Colorado U.S. Sen. Michael Bennet, a Democrat, has been the lead sponsor on various versions of the SHRED Act dating back several years, along with Republican U.S. John Barrasso. Bennet took some serious heat last month when he posted a photo of himself skiing and pushed for passage of the SHRED Act.
“From A-Basin to Wolf Creek, Colorado’s National Forests are home to some of the best skiing in the world. Senator John Barrasso and I reintroduced our bipartisan SHRED Act to keep ski fees local, bolster Colorado’s outdoor recreation economy, and help our mountain communities thrive,” Bennet posted on Facebook and Instagram.
Reaction ranged from “Read the room, my guy” to “While I appreciate this as a life-long skier, holy crap, how tone deaf are you? This is the literal definition of first world problems. Cheap skiing is really low on Colorado’s list of concerns right now.” One commenter referenced day-ticket prices that have surged past $300 at Vail and other resorts: “Well, I guess if you’re a rich Senator you really don’t care what it costs.”

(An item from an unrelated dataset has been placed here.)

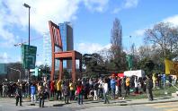 今天上午的天气很好。三月的日内瓦仍是春寒料峭,但灿烂的阳光给大家带来了暖意。与去年的炼功请愿活动相比,今年请愿的规模更加壮观。尤其引人注目的是,西人学员比去年有明显的增加。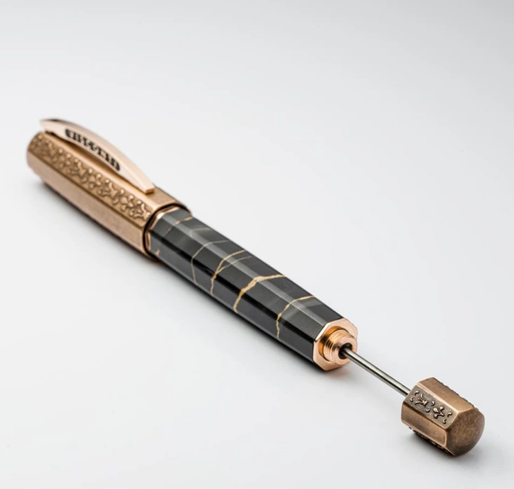 Marmurowy korpus pióra z Portoro jest ukształtowany w kultowy ośmiokątny kształt inspirowany baptysterium we Florencji, przy użyciu specjalnych precyzyjnych maszyn.

To be clear, season ski pass prices have been at historically low levels since the introduction of the Epic Pass in 2006, and the SHRED Act is about funding for National Forest management, not necessarily keeping skiing prices down. A spokesman for Bennet declined to comment, sending a link to a press release on the SHRED Act from 2023.
On a press call last month, Bennet called out “these potentially illegal and unfunded [Trump administration] offers for people to be pushed out of the federal government. I mean, even before that, we already were having trouble hiring people at the Forest Service, hiring people at BLM, the western public lands agencies, in a world where I don’t need to tell anybody on this phone call how expensive it’s become to live in Colorado.”
Colorado U.S. Sen. John Hickenlooper this week joined fellow Democrats in introducing the Protect Our Parks Act of 2025 and the Save Our Forests Act of 2025 to “restore the National Park Service (NPS) and the U.S. Forest Service (USFS) workers who were illegally fired by the Trump administration to make sure our national parks and forests remain accessible, safe, and well-maintained.”
In a release, Hickenlooper said: “We’re all for rooting out real government waste and abuse. The Trump administration’s mass layoffs of public servants who care for our public lands and help prevent wildfires is not the way to do it. Colorado – and our economy – depend on the people who carry out this vital work.”
Vail Resorts officials did not provide a comment on staffing cuts at the Forest Service and how they might impact operations, but the company has supported previous versions of the SHRED Act.
Editor’s note: This story first appeared in the Colorado Springs and Denver Gazette newspapers.